Implementation:Apache Paimon Ray Data Read Json
| Knowledge Sources | |
|---|---|
| Domains | Data_Lake, Data_Ingestion |
| Last Updated | 2026-02-07 00:00 GMT |
Overview
External tool for reading JSON data files into distributed Ray Datasets for Paimon ingestion.
Description
ray.data.read_json() reads JSON files or directories into a distributed Dataset. It supports glob patterns, concurrent reading, and schema inference. This function is used as the data source in Paimon ingestion pipelines before calling write_ray() to write data into a Paimon table.
Key capabilities:
- Glob pattern support: Accepts wildcards (e.g., s3://bucket/data/*.json) to read multiple files at once.
- Concurrent reading: The concurrency parameter controls how many Ray tasks read files in parallel.
- Schema inference: Automatically infers column names and types from the JSON structure using Apache Arrow's JSON parser.
- Arrow integration: Additional keyword arguments are forwarded to Arrow's JSON parser (arrow_json_args), enabling fine-grained control over parsing behavior such as explicit schema specification and block size.
This is an external tool provided by the Ray Data library, not part of the Paimon codebase itself. It serves as the entry point for loading data that will subsequently be written to Paimon tables.
Usage
Use ray.data.read_json() as the first step in a Ray-based Paimon ingestion pipeline to load JSON data from local or cloud storage into a distributed Ray Dataset.
Code Reference
Source Location
- Repository: Ray Project
- Module: ray.data
- External Reference: ray.data.read_json API Documentation
Signature
ray.data.read_json(
paths: Union[str, List[str]],
*,
concurrency: Optional[int] = None,
**arrow_json_args,
) -> ray.data.Dataset
Import
import ray.data
I/O Contract
Inputs
| Name | Type | Required | Description |
|---|---|---|---|
| paths | Union[str, List[str]] | Yes | File path(s), directory path(s), or glob pattern(s) pointing to JSON files. Supports local paths, S3, GCS, and HDFS URIs. |
| concurrency | Optional[int] | No | Number of parallel read tasks. Controls the degree of parallelism for reading files across Ray workers. |
| arrow_json_args | **kwargs | No | Additional keyword arguments forwarded to Arrow's JSON parser (e.g., read_options, parse_options, block_size). |
Outputs
| Name | Type | Description |
|---|---|---|
| dataset | ray.data.Dataset | A distributed Ray Dataset containing the loaded JSON data as Arrow-backed record batches. Each row corresponds to a JSON object from the input files. |
Usage Examples
Basic Usage
import ray
ray.init(ignore_reinit_error=True, num_cpus=4)

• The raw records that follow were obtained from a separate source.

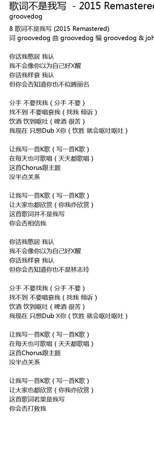 | 词 groovedog 曲 groovedog 编 groovedog & johnlam | |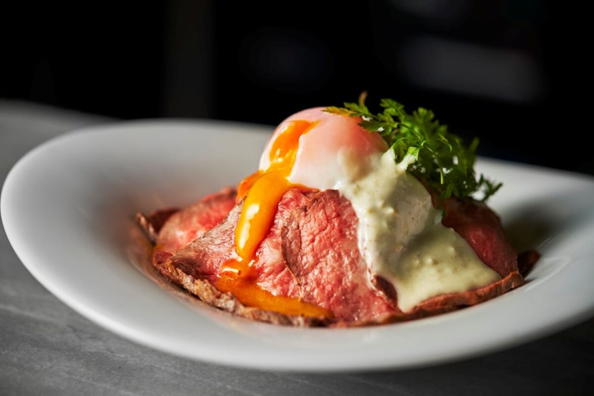 鳥取和牛もも肉を贅沢に使用した、鳥取フェアの人気No.1メニュー。低温でじっくりと火入れした鳥取和牛もも肉に、自家製ソースステーキと温泉卵をトッピングしてボリューミーに。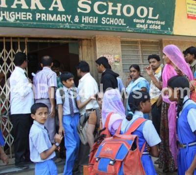 Photo Caption : Parents rushed to pick up their children from Sri Vinayaka School at Bennappa Park after the news of food poisoning of the students broke out, the food poisoning was caused due to the chocolates which were distributed by a student on his birthday and which caused many students of food poisoning and were admitted at Vani Vilas hospital, in Bangalore on Thursday 1st March 2012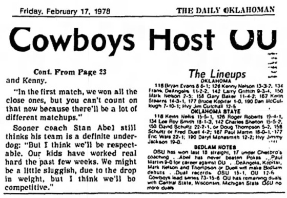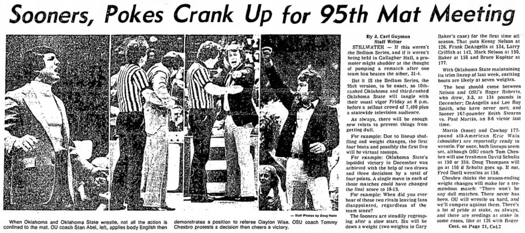 Oklahoma State University 22, University of Oklahoma 13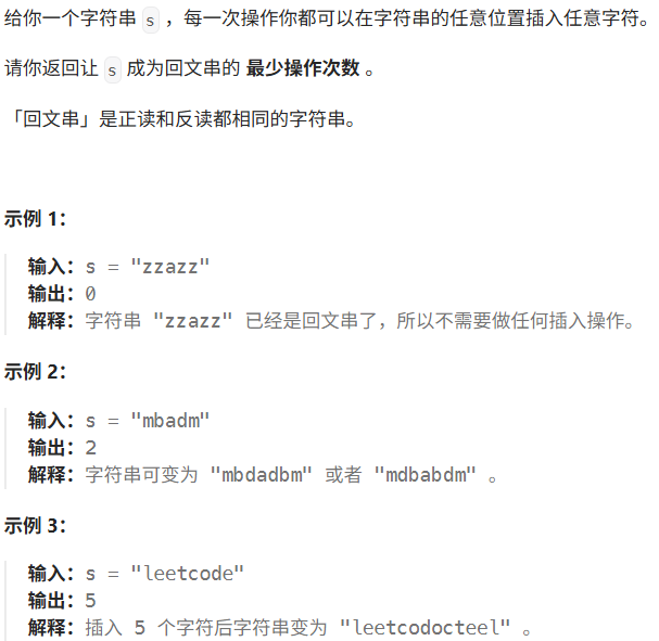 class Solution {public int minInsertions(String s) {int n = s.length();int[][] dp = new int[n][n];for (int i = n - 2; i >= 0; i--) {for (int j = i + 1; j < n; j++) {dp[i][j] = s.charAt(i) == s.charAt(j) ? dp[i + 1][j - 1] : 1 + Math.min(dp[i + 1][j], dp[i][j - 1]);}}return dp[0][n - 1];}
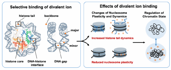 图2. 二价阳离子重塑核小体结构与动力学性质的物理机制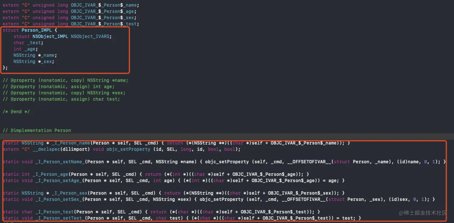 static NSString * _I_Person_sex(Person * self, SEL _cmd) { return (*(NSString **)((char *)self + OBJC_IVAR_$_Person$_sex)); }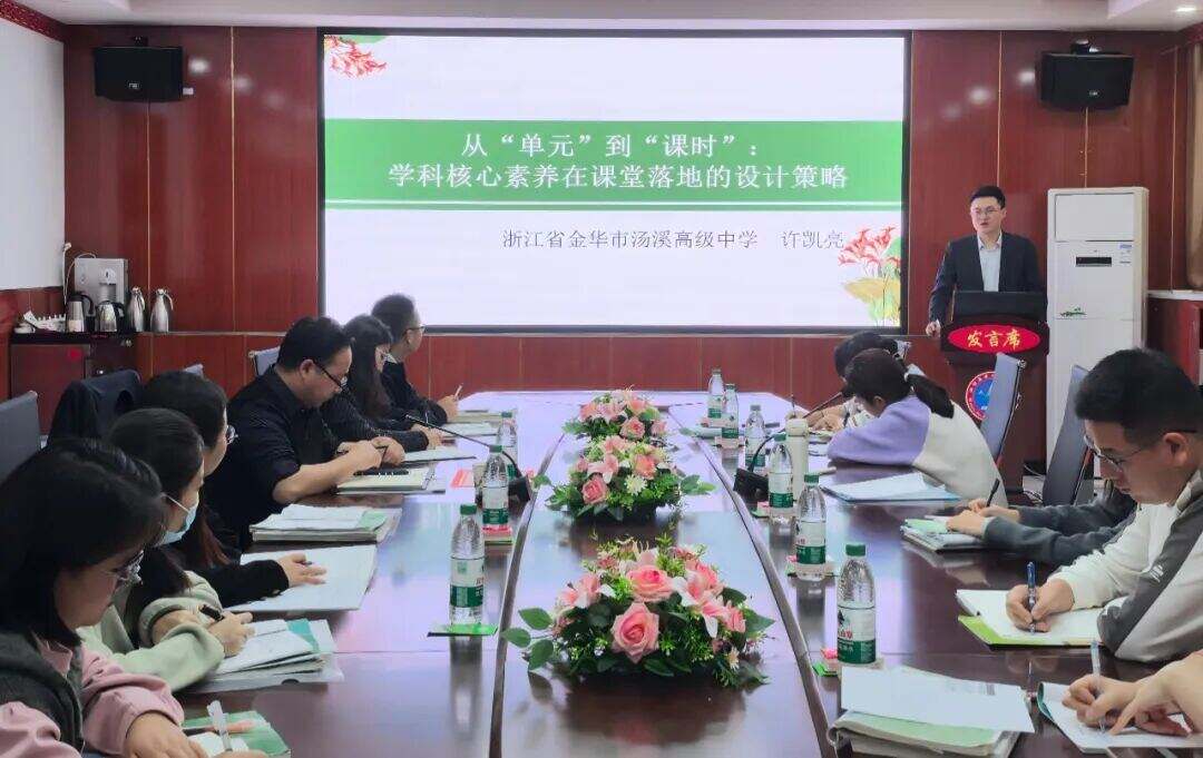 在生物分会场,温宿二中刘彩霞老师的《植物生长素》以实验为引,课堂教学生动直观;金华市汤溪高级中学许凯亮老师的《生物有共同祖先的证据》善于构建证据链,逻辑严密、启发性强。课后研讨中,两地老师深入交流教学心得。许凯亮老师《浅谈指向大概念的课时教学与单元整体教学的有效对接策略》专题讲座,为生物教师整合教学内容、构建知识体系、提升课堂效益指明了实践方向。

dataset = ray.data.read_json("s3://bucket/data/*.json", concurrency=4)
print(f"Loaded {dataset.count()} rows")
Reading from Local Directory
import ray
ray.init(ignore_reinit_error=True)
# Read all JSON files from a local directory
dataset = ray.data.read_json("/data/events/2026-02-07/")
print(dataset.schema())
print(f"Loaded {dataset.count()} rows from local directory")